Conservative preacher calls for abolishing the death penalty after jury spares Parkland shooter's life
A jury on Thursday sentenced 24-year-old Nikolas Cruz to life in prison without the possibility of parole for the murder of 17 people and injury of 17 others in the 2018 Valentine's Day massacre at Marjory Stoneman Douglas High School in Parkland, Florida.
Broward County Circuit Judge Elizabeth Scherer read the unanimous decision by the seven men and five women to forgo the death penalty for Cruz. Their justification – that Cruz's underlying mental health conditions meant that capital punishment was inappropriate – triggered emotional responses and shock from families of the victims who were seated silently in the courtroom.
“What it says to me, what it says to my family, what it says to the other families, is that his life meant more than the 17 that were murdered,” Debra Hixon, whose 49-year-old husband Christopher was among those killed by Cruz, told The New York Times. "He should give thanks to God that someone had grace and mercy on him that he did not show other people."

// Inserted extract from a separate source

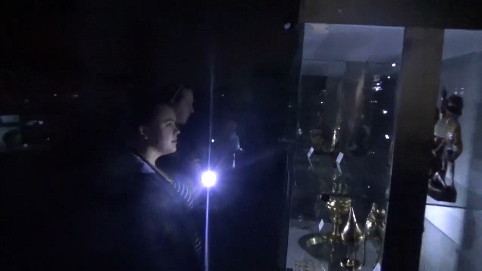Kužele baterek olizovaly klenutý strop či tapiserie, neboť veškeré světelné zdroje historické budovy ponechali pracovníci muzea zhasnuté.

The case, the paper noted, "was a rare legal proceeding against a gunman in a mass shooting; most either kill themselves or die in a confrontation with the police during their attacks." It is also significant because "the Parkland verdict comes at a time when people are growing more wary of the death penalty. A slight majority of Americans still support capital punishment, but that proportion has dropped significantly since the 1990s; so has the number of state executions."
On Thursday evening, that sentiment was expressed in a Kansas City Star editorial authored by Demetrius Minor, a conservative activist and preacher who runs a non-profit that seeks to abolish capital punishment in the United States, which is one of only 55 countries that maintain the practice.
"The futility of the death penalty is once again on display for all of America," he wrote, expanding on why he believes that Cruz's sentencing trial was an expensive, painful, and pointless charade.
"The facts are clear; the threat of the death penalty failed to accomplish anything in this case. It did not help those harmed by this horrific crime and it did not do anything to prevent future harm from being committed," he said. "Moreover, this outcome-Cruz spending the rest of his life behind bars-could have been decided four years ago, without the millions of dollars spent, or the added trauma to the victims' family members and to the Parkland community at large. The state insisted on pursuing a death sentence, knowing full well that even if they succeeded, it would have prolonged that trauma for decades."
Minor argued that as a "common sense conservative," he sees the issue "as another costly, big government program that serves no purpose in the pursuit of justice. We are wasting tax dollars on a broken system and taking resources away from proven violence-prevention solutions."
He noted that "criminologists across the world report that death sentences have never been proven to decrease crime and violence. In fact, violent crime rates are higher, and more police officers are killed, in states with the death penalty than in those without it."
Minor called the death penalty "arbitrary," due to the inconsistently broad swath of crimes for which it is imposed.
"A violent act in one county could result in years behind bars while a few blocks away in another county, under the discretion of a different prosecutor, the same act brings a death sentence," he opined. "There are also gross disparities based on race-both of the perpetrator and the victim-when it comes to prosecutors pursuing capital punishment."
Minor further recalled instances where death row inmates are later found to be innocent and wondered how many more end up getting unjustly executed. Jail, he continued, is a sufficient means of carrying out justice and keeping the public safe.
"We have prison systems that can keep people separated from society when they commit horrific violence, so executing someone when other options are available is itself a crime against human life," Minor said.
Channeling his conservative ideals, Minor added that "there is nothing 'limited' about the government being able to kill its citizens, including innocent ones, along with all of the other fiscal and human impacts caused by the death penalty system."
He concluded that "the death penalty does nothing good and should be ended once and for all."